The IFS chief Paul Johnson has spotted a line in the budget which he thinks is a “heavy hint” from Treasury civil servants that public sector cuts could be getting out of hand.

On p25 of the main Budget document it says:

“This Budget sets a fiscal assumption that TME (total managed expenditure) in 2016-17 and 2017-18 will continue to fall in real terms at the same rate as over the Spending Review 2010 period.34 Fiscal consolidation for 2016-17 and 2017-18 is expressed as a reduction in TME. It would, of course, be possible to do more of this further consolidation through tax instead.”

Mr Johnson, an old Treasury hand, says he’s heard that line was inserted by current senior Treasury hands who worry that the projected spending cuts outlined for after the next general election could prove impossible to deliver.

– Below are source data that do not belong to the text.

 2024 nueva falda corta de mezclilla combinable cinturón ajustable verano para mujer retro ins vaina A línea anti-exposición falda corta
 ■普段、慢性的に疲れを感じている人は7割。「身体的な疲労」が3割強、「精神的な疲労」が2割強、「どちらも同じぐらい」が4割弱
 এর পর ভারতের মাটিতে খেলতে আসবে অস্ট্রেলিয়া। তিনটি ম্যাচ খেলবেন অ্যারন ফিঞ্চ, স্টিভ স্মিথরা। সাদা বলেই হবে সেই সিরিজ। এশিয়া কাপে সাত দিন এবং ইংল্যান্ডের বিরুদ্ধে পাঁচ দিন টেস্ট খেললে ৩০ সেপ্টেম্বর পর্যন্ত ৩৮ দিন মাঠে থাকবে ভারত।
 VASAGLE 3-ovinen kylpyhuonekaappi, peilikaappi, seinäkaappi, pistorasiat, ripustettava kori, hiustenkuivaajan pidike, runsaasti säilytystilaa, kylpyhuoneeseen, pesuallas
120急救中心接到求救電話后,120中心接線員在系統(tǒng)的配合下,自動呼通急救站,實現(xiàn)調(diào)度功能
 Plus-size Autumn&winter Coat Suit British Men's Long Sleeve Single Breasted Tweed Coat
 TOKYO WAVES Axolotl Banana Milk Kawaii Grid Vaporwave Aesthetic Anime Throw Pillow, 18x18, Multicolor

As the IFS has said before, taking into account ring-fencing the projected cuts imply cuts of around a third in unprotected departments’ budgets.

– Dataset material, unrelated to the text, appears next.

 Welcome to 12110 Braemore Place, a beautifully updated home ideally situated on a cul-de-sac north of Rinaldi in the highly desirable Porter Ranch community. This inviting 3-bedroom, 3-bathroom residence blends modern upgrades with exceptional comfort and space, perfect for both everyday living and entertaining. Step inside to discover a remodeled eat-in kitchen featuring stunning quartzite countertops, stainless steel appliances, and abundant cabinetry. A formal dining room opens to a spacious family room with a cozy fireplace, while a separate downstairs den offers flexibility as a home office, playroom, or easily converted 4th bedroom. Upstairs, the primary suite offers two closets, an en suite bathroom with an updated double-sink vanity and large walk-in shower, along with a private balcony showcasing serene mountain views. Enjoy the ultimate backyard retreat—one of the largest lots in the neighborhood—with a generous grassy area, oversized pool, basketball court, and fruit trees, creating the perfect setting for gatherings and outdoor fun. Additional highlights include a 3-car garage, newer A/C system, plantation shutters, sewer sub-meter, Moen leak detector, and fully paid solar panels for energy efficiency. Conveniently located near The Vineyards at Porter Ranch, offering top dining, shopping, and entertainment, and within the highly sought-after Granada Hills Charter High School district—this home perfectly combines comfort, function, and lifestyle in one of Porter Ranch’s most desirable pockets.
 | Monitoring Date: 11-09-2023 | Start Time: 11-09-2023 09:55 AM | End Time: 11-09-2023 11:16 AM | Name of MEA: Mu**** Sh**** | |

Paul Johnson seemed unimpressed by the hours of work put into making sure that the year-on-year borrowing figures in the budget crept down by the smallest possible amount rather than spike up.

“It’s unlikely,” he says, “that this (careful management of numbers) has led either to an economically optimal allocation of spending across the years or to a good use of time by officials and ministers.”

See the IFS analysis here: Fixing the budget to fix the figures?

Looking  back over the TV footage of the Budget speech itself, it’s quite clear that Ken Clarke slept through a chunk of it. Also clear that George Osborne wasn’t the only one with a croaky throat. You see the PM slip a lozenge into his mouth just behind the Chancellor 20 minutes into the speech.

Looking back over yesterday’s statement you also see that, a little unconventionally, the would-be candidate for the Tory leadership, Adam Afriyie MP, used the budget statement to tell MPs and the world a bit about himself (“growing up in a single parent household in social housing as a mixed race kid … working hard at school and eventually starting a business”), a reminder that at least one MP didn’t think this budget had altered the short-term or medium-term prospects of the current leadership.